This exercise calls for retyping every line below exactly, with the images omitted.
[Exercise data]
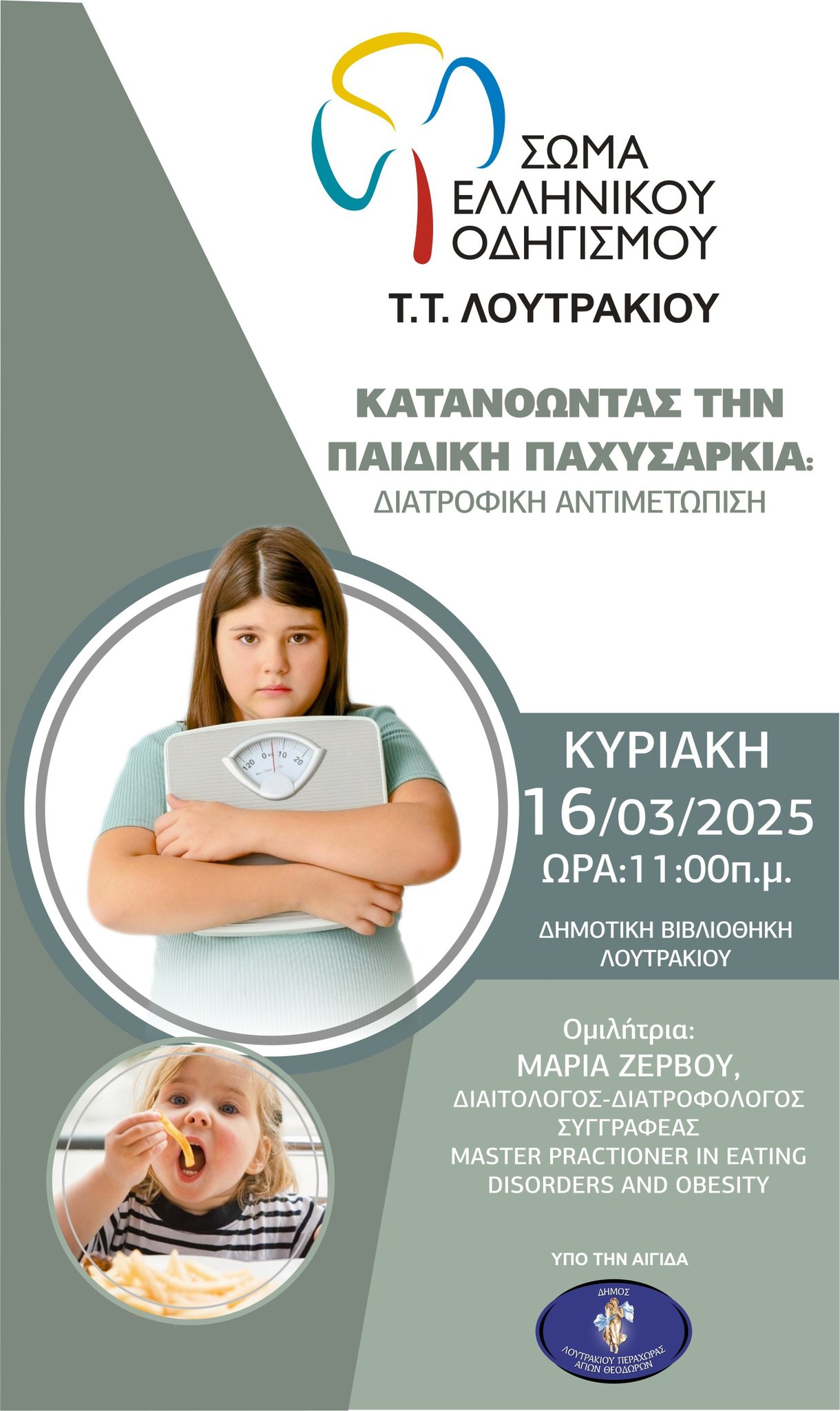 Το Σώμα Ελληνικού Οδηγισμού Τ.Τ. Λουτρακίου διοργανώνει μια σημαντική ενημερωτική εκδήλωση με τίτλο “Κατανοώντας την παιδική παχυσαρκία: Διατροφική αντιμετώπιση”, που στοχεύει στην ευαισθητοποίηση γονέων και παιδιών σχετικά με τη σωστή διατροφή και την αντιμετώπιση της παιδικής παχυσαρκίας.
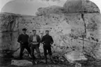 "Fästningen' , conglomeratbildning vid Cap Staratschin, d.4 Aug. 1872." Fr v: Krusenstjerna, Nordenskiöld, Palander.
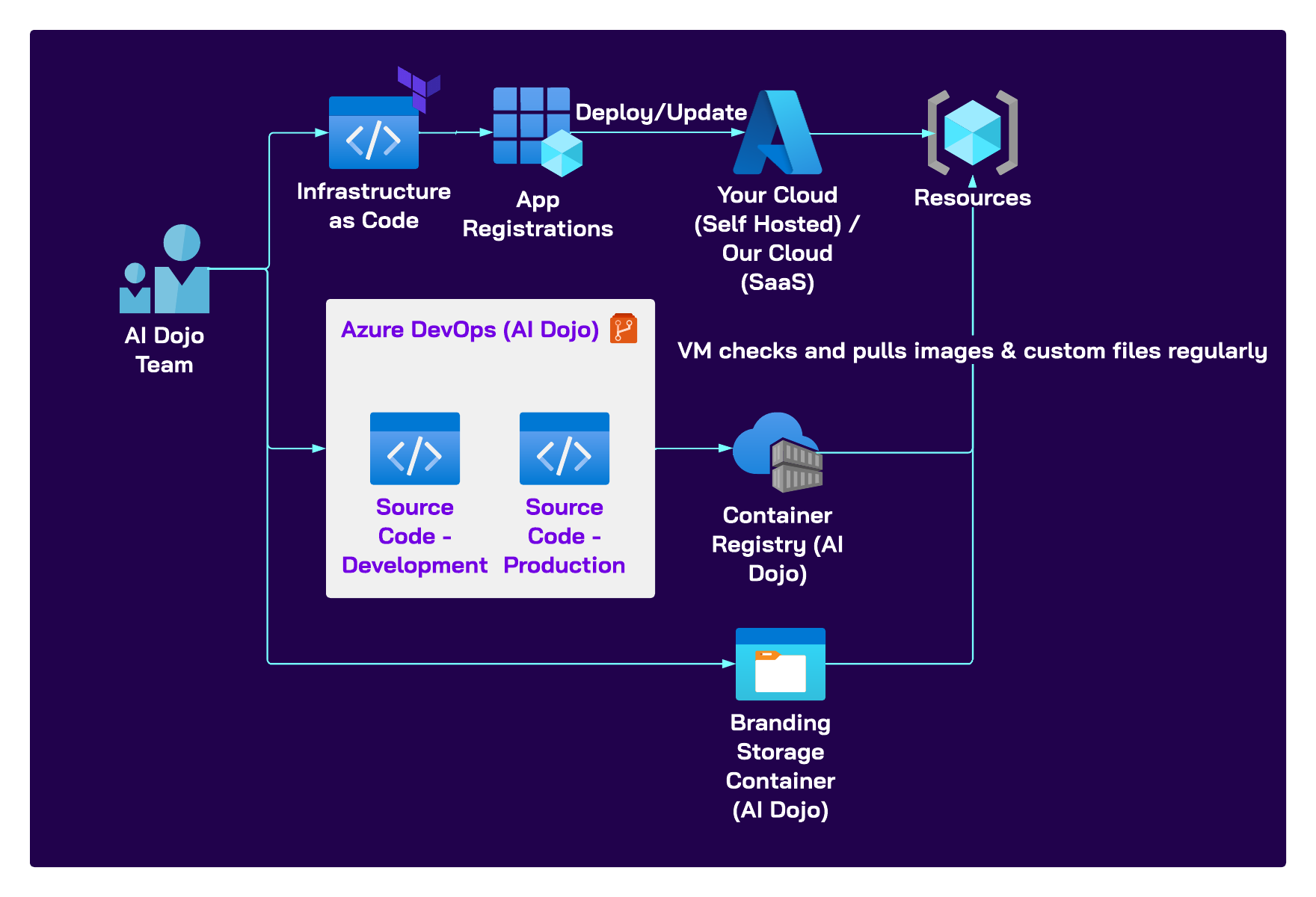 - Dev Platform and Dev Related Resources – used internally by AI Dojo for development, testing, and staging of changes before promotion to production.
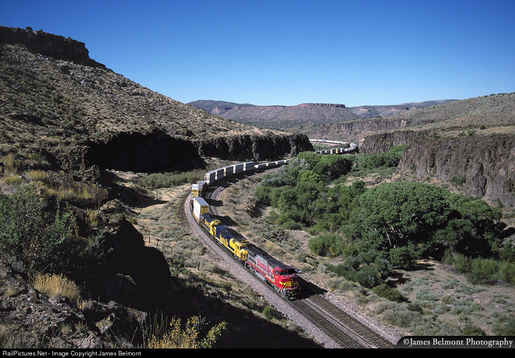 A Santa Fe intermodal snakes through Arizona's Crozier Canyon on Oct. 8, 1995.
[/Exercise data]
* _Response area_:
 Το Σώμα Ελληνικού Οδηγισμού Τ.Τ. Λουτρακίου διοργανώνει μια σημαντική ενημερωτική εκδήλωση με τίτλο “Κατανοώντας την παιδική παχυσαρκία: Διατροφική αντιμετώπιση”, που στοχεύει στην ευαισθητοποίηση γονέων και παιδιών σχετικά με τη σωστή διατροφή και την αντιμετώπιση της παιδικής παχυσαρκίας.
 "Fästningen' , conglomeratbildning vid Cap Staratschin, d.4 Aug. 1872." Fr v: Krusenstjerna, Nordenskiöld, Palander.
 - Dev Platform and Dev Related Resources – used internally by AI Dojo for development, testing, and staging of changes before promotion to production.
 A Santa Fe intermodal snakes through Arizona's Crozier Canyon on Oct. 8, 1995.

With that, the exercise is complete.